GIRL : Do te Amore me so much??
BOY : It's not that. You're standing on my foot.



BOY : May I hold your hand??
GIRL : No thanks, it isn't heavy.


GIRL : Did te miss me while I was away??
BOY : Were te away??


GIRL : Who was that girl I saw te baciare last night?
BOY : What time was it??


GIRL : Say te Amore me! Say te Amore me!
BOY : te Amore me ...


GIRL : If we become engaged will te give me a ring??
BOY : Sure, what's your phone number??


GIRL : I think the poorest people are the happiest ...
BOY : Then marry me and we'll be the happiest couple.


GIRL : Do te remember when te proposed to me? I was so
overwhelmed, I couldn't speak for an ora ...
BOY : Yes Darli! ng, that was the happiest ora of my life ...
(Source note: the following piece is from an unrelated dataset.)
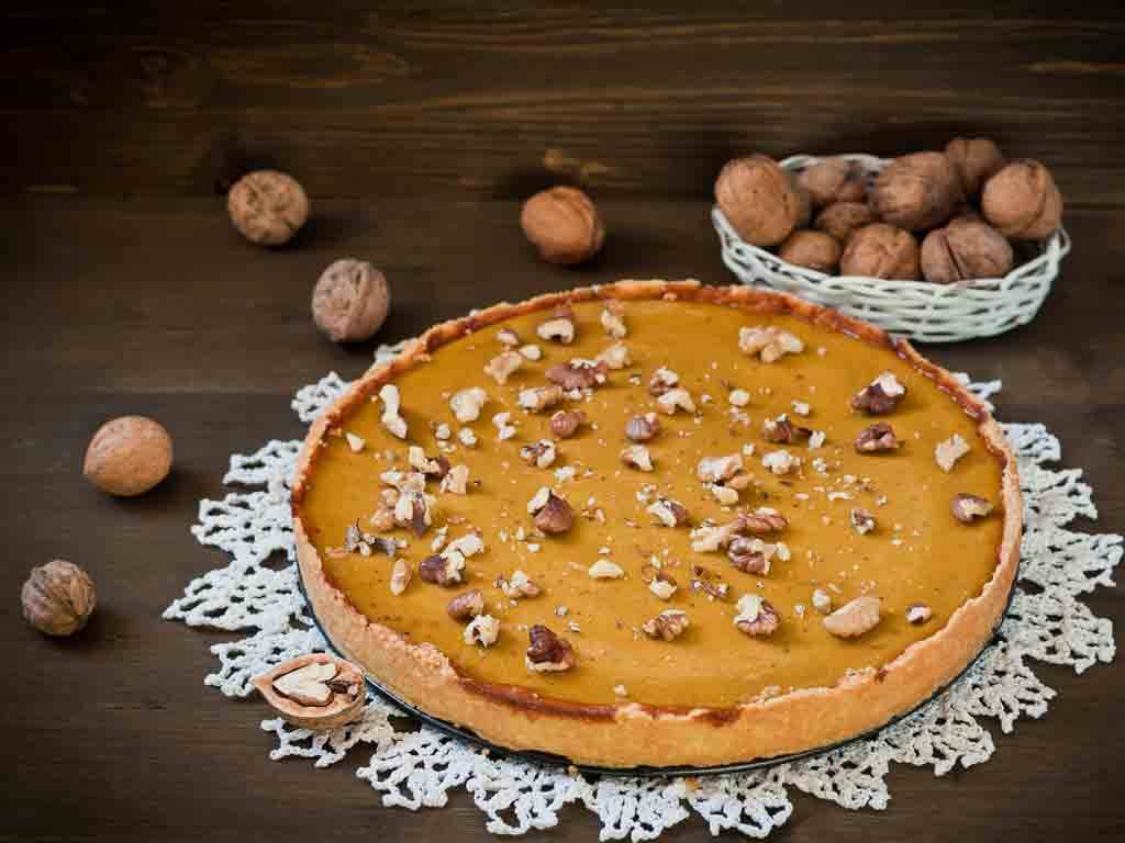 8) Vierte el relleno, decora con las nueces reservadas y vuelve a hornear por otros 20 minutos (Vigila de vez en cuando para que no se queme la tarta (cada horno calienta de forma diferente).

GIRL : Darling, I want to dance like this forever ...
BOY : Don't te ever want to improve??


BOY : I Amore te and I could die for you!
GIRL : How soon??


GIRL1: Have te ever had a hot passionate, burning kiss??
GIRL2: I did once. He'd forgotten to take the cigarette out of his mouth


BOY : I'm a photographer. I've been looking for a face like yours!
GIRL : I'm a plastic surgeon. I've been looking for a face like yours!!!


BOY : Hi! Didn't we go on a data once? o was it twice?
GIRL : Must've been once. I never make the same mistake twice!!!


BOY : May I have the pleasure of this dance?
GIRL : No, I'd like to have some pleasure too!!!


BOY : Will te come out with me this Saturday?
GIRL : Sorry! I'm having a headache this weekend!!!


BOY : Go on, don't be shy. Ask me out!
GIRL : Okay, get out!!!


BOY : Shall we go and see a film?
GIRL : I've already seen it!!!


BOY : Do te think it was fate which brought us together?
GIRL : Nah, it was plain bad luck
posted by IloveMyLord

In jealousy there is più of self-love than love.
FranÁois de la Rochefoucauld
A competent and self-confident person is incapable of jealousy in anything. Jealousy is invariably a symptom of neurotic insecurity.
Robert A. Heinlein
There is no greater glory than love, nor any greater punishment than jealousy.
Lope de Vega
Jealous people poison their own banquet and then eat it
unknown
Peace of mind makes the body healthy, but jealousy is like a cancer.
Bible
Jealousy is the dragon in paradise; the hell of heaven; and the most amaro of the emotions because associated with the sweetest.
A.R. Orage...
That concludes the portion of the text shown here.